We are very much willing to welcome any kind of contribution whether it is bug report, bug fixes, contributions to the
existing codebase or improving the documentation.
### Where to start ?
Please look at the [Github issues tab](https://github.com/CGnal/cgnal-core/issues) to start working on open
issues
### Contributing to cgnal-core
Please make sure the general guidelines for contributing to the code base are respected
1. [Fork](https://docs.github.com/en/get-started/quickstart/contributing-to-projects) the cgnal-core repository.

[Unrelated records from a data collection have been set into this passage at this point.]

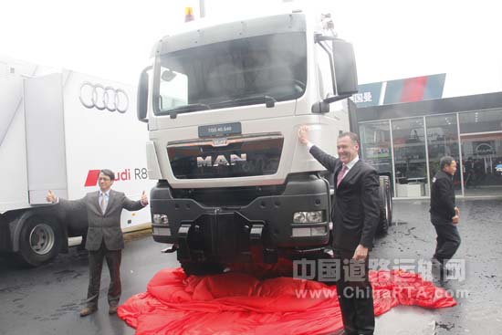 外观引人瞩目的TGS 18.400 4×2 BLS 牵引车是德国曼和奥迪强强联合打造的产品。作为奥迪R8运输车,其外廓尺寸达5875×2500×3359毫米,轴距3600毫米,后悬800毫米,整车倍显大气。该车连同挂车在内,长度超过17米,目前来看是全展会最长的车型。在负载能力方面,整车准牵引质量35995千克。与超强承载能力相得益彰的,是6875千克的超低自重和119.5公里的最高时速,这些配置在节省了可观燃油支出的同时获得了更高的运输效率。作为一款高效运输车,它拥有出色的稳定性、优秀的驾乘舒适性和卓越的操控性。该产品采用LX型驾驶室,配有多功能方向盘,高度、角度可调,让驾驶轻松自如;此外,该车配置双层舒适卧铺、高舒适性气垫座椅、副驾驶员座椅前后位置与靠背倾斜度可调,采用机械式遮阳卷帘、自动温度控制的空调系统、可加热电动调节后视镜,并带有天窗。驾驶室设计围绕营造便捷操控、集中驾驶与安逸休息的场所而展开。德国曼深知,驾驶员只有在良好的状态下才能有精彩的表现,进而成就安全、高效的运输。在动力方面,TGS 18.400 4×2 BLS 牵引车搭载排量达10.518升的MAN D2066LF41的6 缸带涡轮增压中冷电控柴油共轨发动机,功率高达400马力/294千瓦,最大扭矩1900牛米,超强动力让该产品一路所向披靡。在打造高效运输产品的同时,德国曼也十分重视车辆的环保性,通过采用SCR后处理系统,TGS 18.400 4×2 BLS 牵引车达到欧Ⅴ排放标准,可为环保做出巨大贡献。
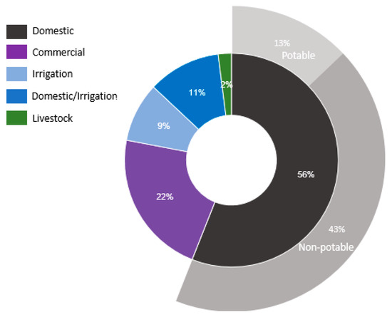 RWH can act as the primary water source in rural areas where the availability of water resources is a serious problem or as a complement to the main water supply in urbanized areas when integrated with the current conventional water delivery systems [54]. Rainwater collected using RWH systems can then be reused for other purposes. Figure 8 shows the percentage of studies reviewed with data on the reuse of rainwater harvested from roof runoff. Studies show that rainwater is typically used for domestic, commercial, irrigation, and livestock purposes. Among the 54 reviewed studies, 30 papers reviewed the use of rainwater for domestic purposes, of which 13 percent is potable, and 43 percent is non-potable. The rainwater collected from the roof is not potable and should not be used for drinking, but it can be used for flushing, cleaning, and gardening [57]. Nevertheless, treating it appropriately can serve its purpose as a potable water supply. Utilizing rainwater collected from rooftops can promote water sustainability and lessen the vulnerability of the water supply for homes and other uses [58]. In rural communities, especially in developing nations without access to safe drinking water supplies, rainwater harvesting (RWH) systems can produce drinking water [59]. Since the capacity of rainwater tanks to supply livestock holdings with water is greatly influenced by the research area’s regional characteristics, i.e., longer dry periods, tank design cannot be completely standardized [60]. Covered and uncovered rainwater tanks can also be employed to meet irrigation needs. According to Londra et al. (2021), the required tank sizes could lessen local pressure on water resources [61]. Additionally, RWH models are frequently used to assess various system designs, notably the sizing of rainwater tanks [62]. Using RWH can bridge the water deficit for agriculture and the amount of rainfall, lessening potential water system demands and subsidizing irrigation while promoting sustainable development [63].
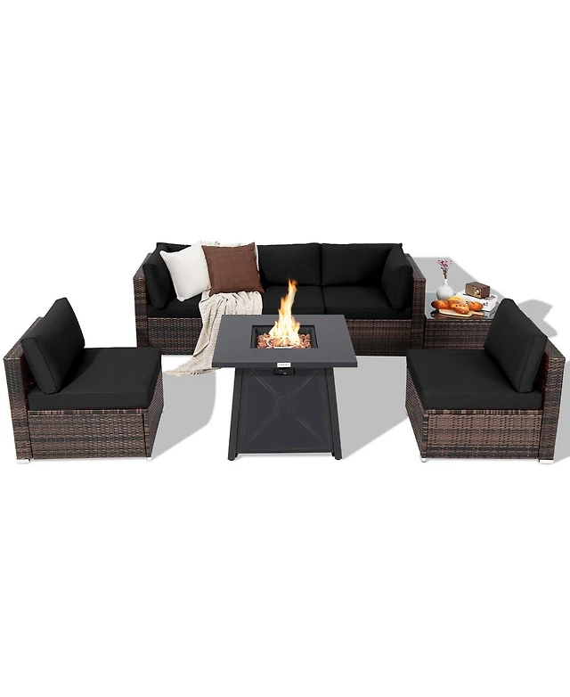 Gymax 7PCS Rattan Patio Sectional Furniture Set w/ 30'' Fire Pit Table & Cushion
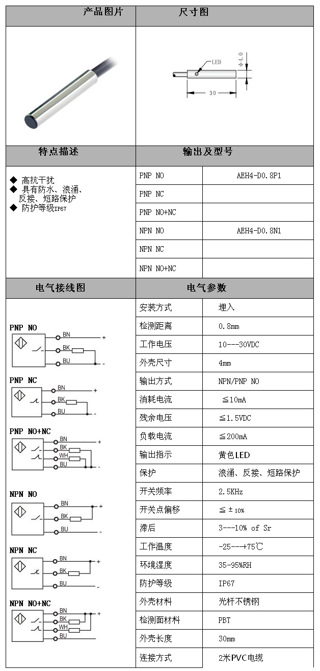 AEH4-D0.8P1,AEH4-D0.8N1,Φ4直流三線電感式接近開關(guān)
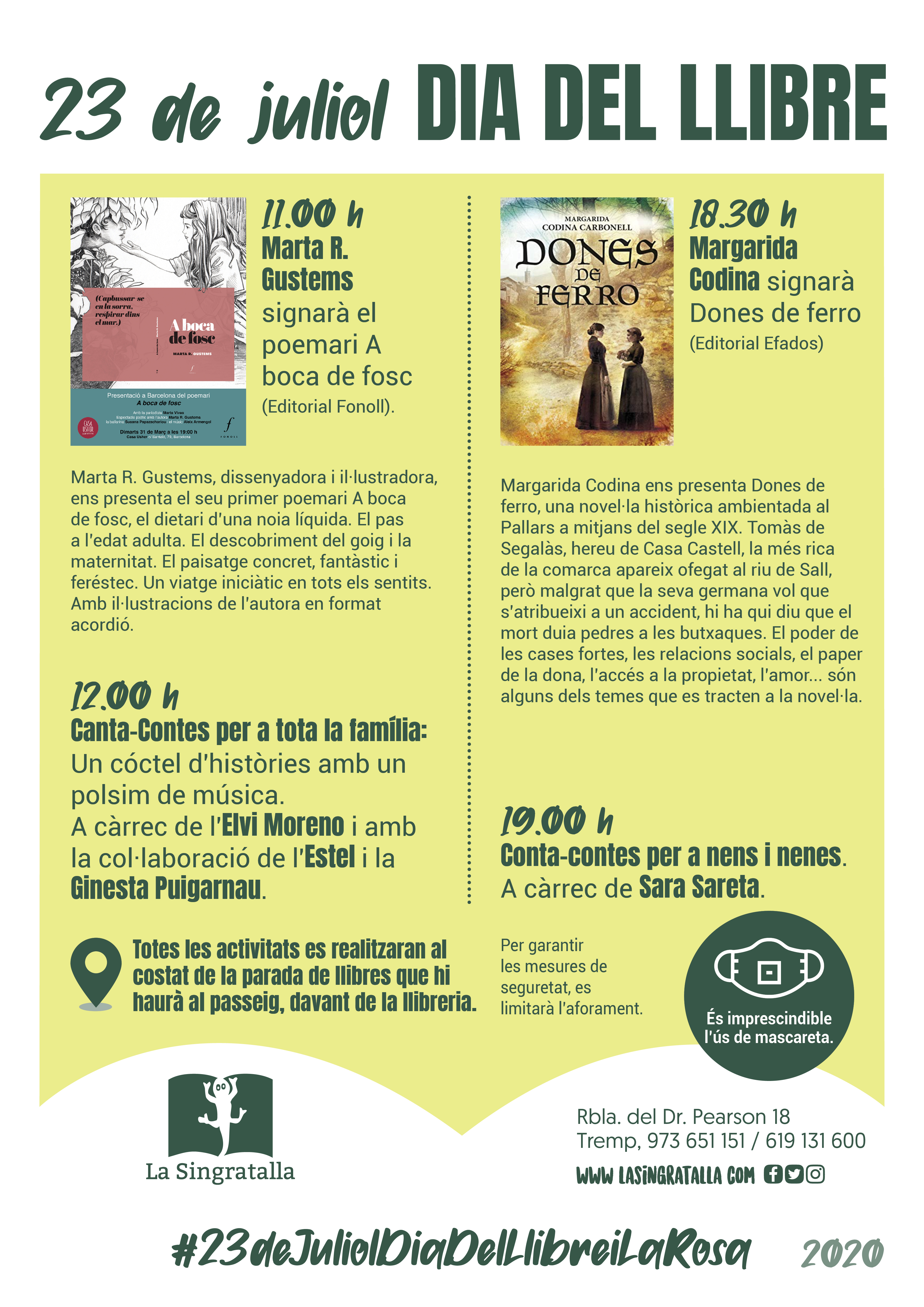 12:00 Canta-Contes per a tota la família, amb l'Elvi Moreno i amb la col·laboració de l'Estel i la Ginesta Puigarnau.
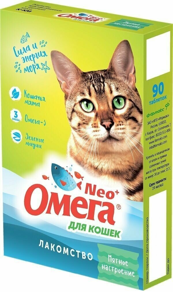 Витаминное лакомство для кошек НПП ФАРМАКС Омега Neo+ «Мятное настроение»
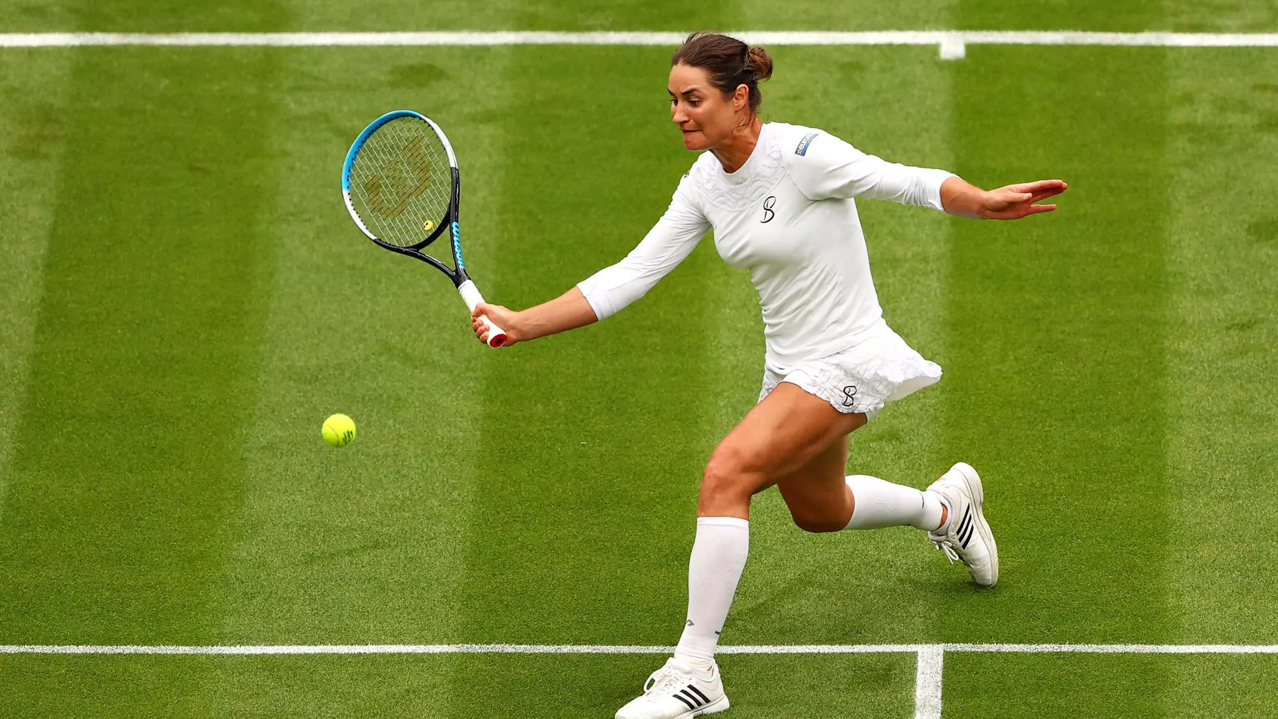 Monica Niculescu In Action, Wearing A White Tennis Outfit. Wallpaper
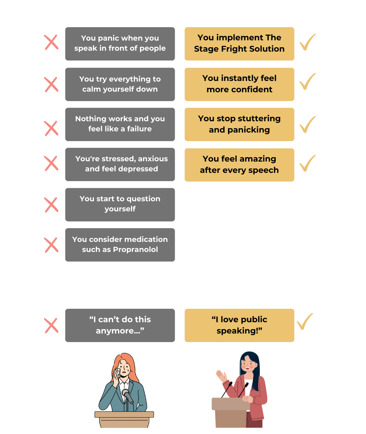 Don't let speaking anxiety hold you back any longer. Join thousands of others who have transformed their fear into confidence with The Stage Fright Solution. Your future self will thank you!
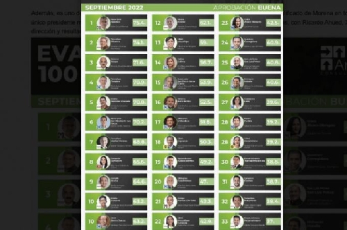 La encuesta señala que el primer lugar de la lista es ocupado por César Garza Villarreal de Apodaca, Nuevo León con el 75.4% de aprobación seguido de Armando Martínez Manríquez de Altamira, Tamaulipas con el 74.1%. En tanto, el tercer lugar lo ocupa el alcalde de Xalapa, Veracruz, Ricardo Ahued Bardahuil.
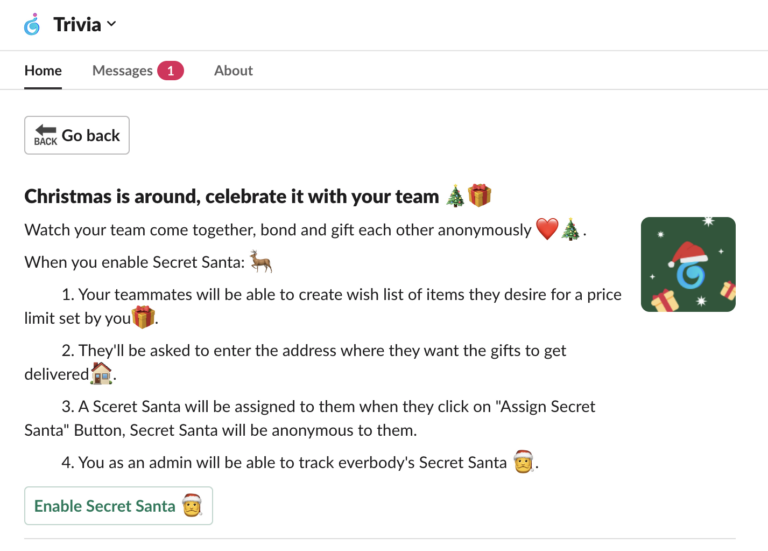 Seamless Activation: Getting into the holiday spirit has never been easier! Simply access the Trivia Homepage within Slack, enable the Secret Santa feature, and let the enchantment unfold. With just a few clicks, kick-start the joyous tradition of Secret Santa among your team members.
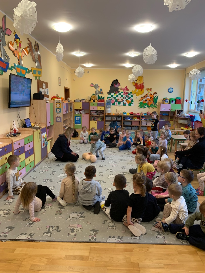 Wzieliśmy udział w spotkaniu warsztatowym z pracownikami Centrum Powiadamiania Ratunkowego. Dzieci miały okazję utrwalać wiedzę o właściwym zachowaniu w sytuacji trudnej, poznawały i utrwalały numery alarmowe a także miały okazję sprawdzić na fantomie jak wykonuje się masaż serca. Dzieci były bardzo zaangażowane i chętne do nauki.
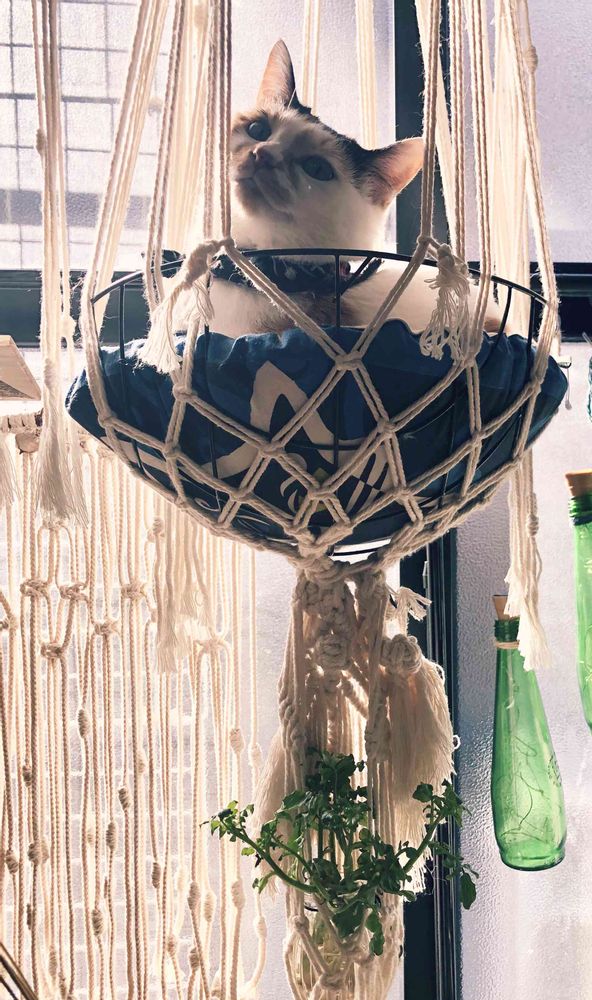 ニャンコか入ってる吊りベットは手作りですか?!
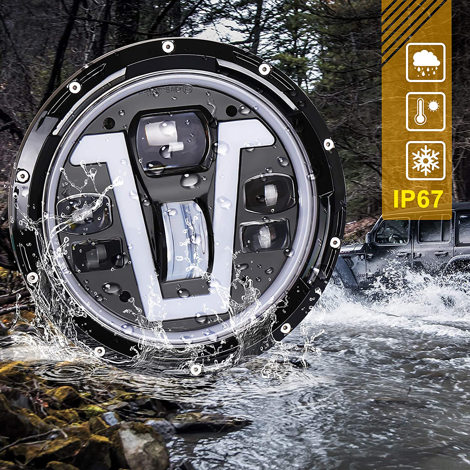 - Durable & Advanced Cooling Housing : Made of die-cast aluminum housing, Building a Shock and vibration resistant construction. Shock-proof and IP67 waterproof. DOT,SAE,E-Mark approved, work well in a variety of weather conditions.
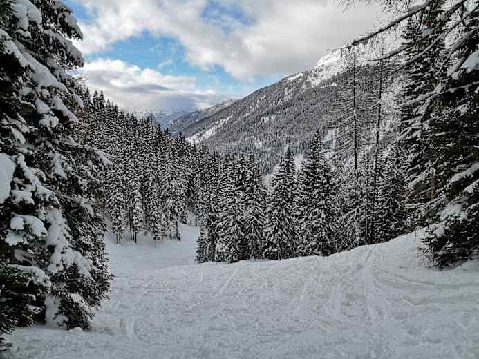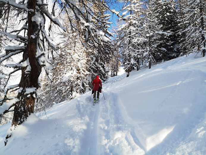 Von dort über einen Forstweg talauswärts gehen, bis man auf die Aufstiegsspur trifft.
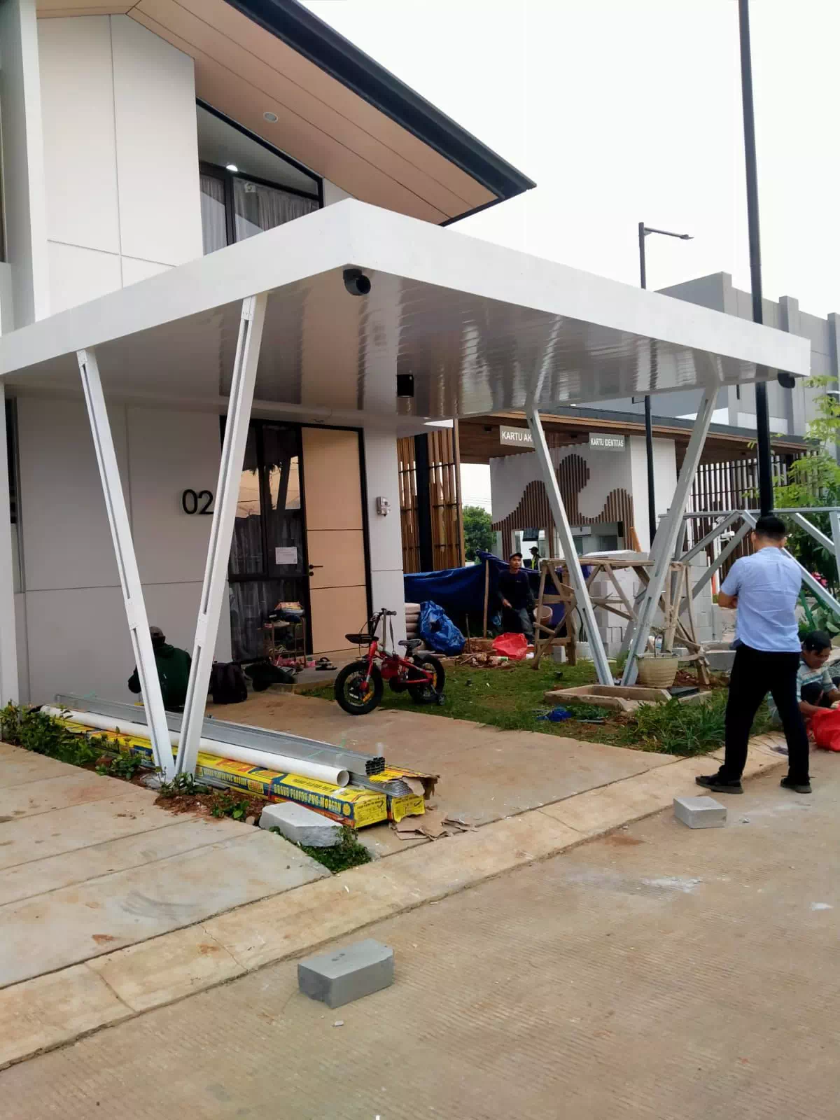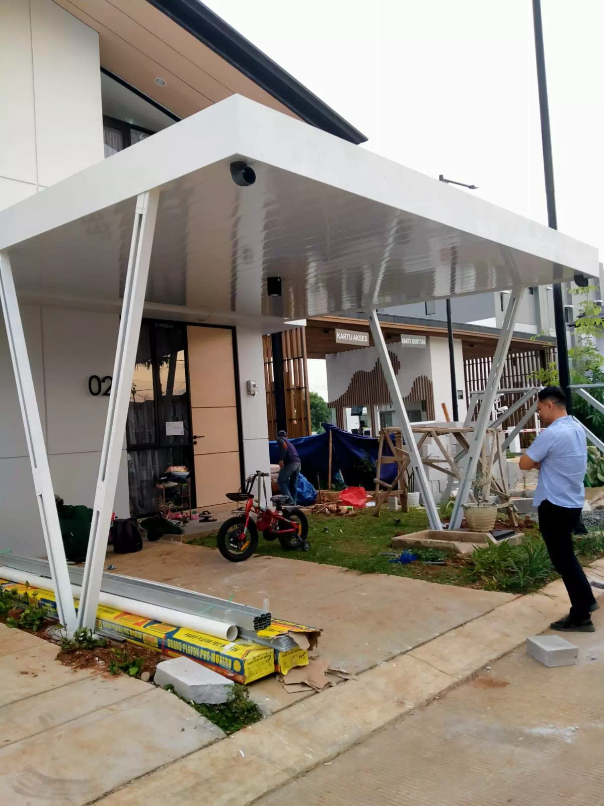 Pemasangan kanopi yang kuat dan stylish untuk melindungi area luar rumah Anda.

2. Create/choose an issue to work on in the [Github issues page](https://github.com/CGnal/cgnal-core/issues).
3. [Create a new branch](https://docs.github.com/en/get-started/quickstart/github-flow) to work on the issue.
4. Commit your changes and run the tests to make sure the changes do not break any test.
5. Open a Pull Request on Github referencing the issue.
6. Once the PR is approved, the maintainers will merge it on the main branch.